🤖 AI Summary
A lack of benchmark datasets hinders visual object detection research in educational videos. Method: This paper introduces LVVO, the first large-scale, education-specific visual object detection benchmark, comprising 245 lecture videos from biology, computer science, and geoscience, with 4,000 annotated frames. Annotations are fine-grained across four object types: tables, charts, photographs, and diagrams. We formally define canonical visual object categories in educational contexts and employ a dual-annotator + expert arbitration protocol, achieving 83.41% inter-annotator F1 agreement. A novel semi-supervised strategy—integrating confidence-based filtering and model self-training—is proposed to expand the dataset into the high-quality LVVO_3k subset (3,000 frames). Contribution/Results: We publicly release LVVO_1k (1,000 human-verified frames) and LVVO_3k, establishing the first dedicated benchmark for educational video understanding and enabling rigorous development and evaluation of both supervised and semi-supervised detection methods.
📝 Abstract
We introduce the Lecture Video Visual Objects (LVVO) dataset, a new benchmark for visual object detection in educational video content. The dataset consists of 4,000 frames extracted from 245 lecture videos spanning biology, computer science, and geosciences. A subset of 1,000 frames, referred to as LVVO_1k, has been manually annotated with bounding boxes for four visual categories: Table, Chart-Graph, Photographic-image, and Visual-illustration. Each frame was labeled independently by two annotators, resulting in an inter-annotator F1 score of 83.41%, indicating strong agreement.

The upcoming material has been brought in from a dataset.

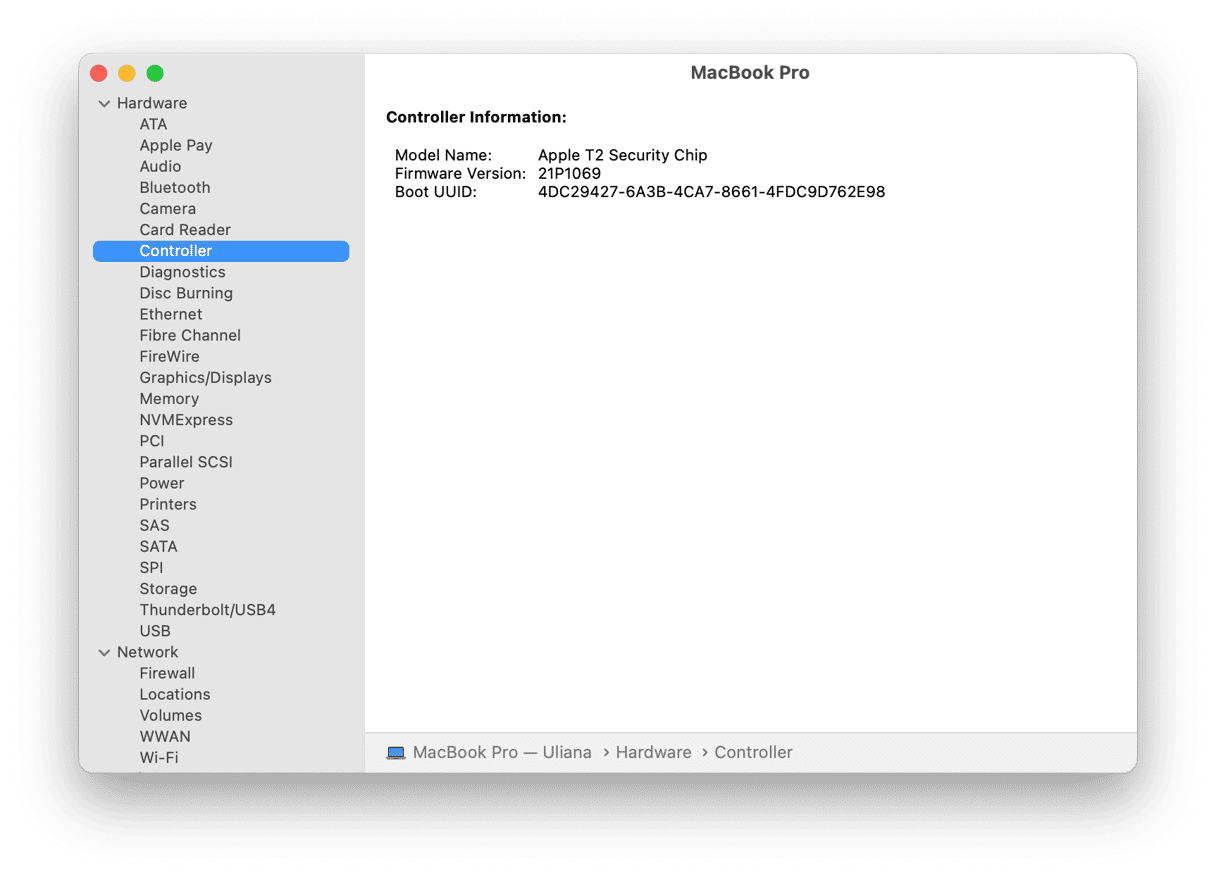 - Valitse System Report> Ohjain. Etsi viittaus T2 -tietoturvaan.

To ensure high-quality consensus annotations, a third expert reviewed and resolved all cases of disagreement through a conflict resolution process. To expand the dataset, a semi-supervised approach was employed to automatically annotate the remaining 3,000 frames, forming LVVO_3k. The complete dataset offers a valuable resource for developing and evaluating both supervised and semi-supervised methods for visual content detection in educational videos. The LVVO dataset is publicly available to support further research in this domain.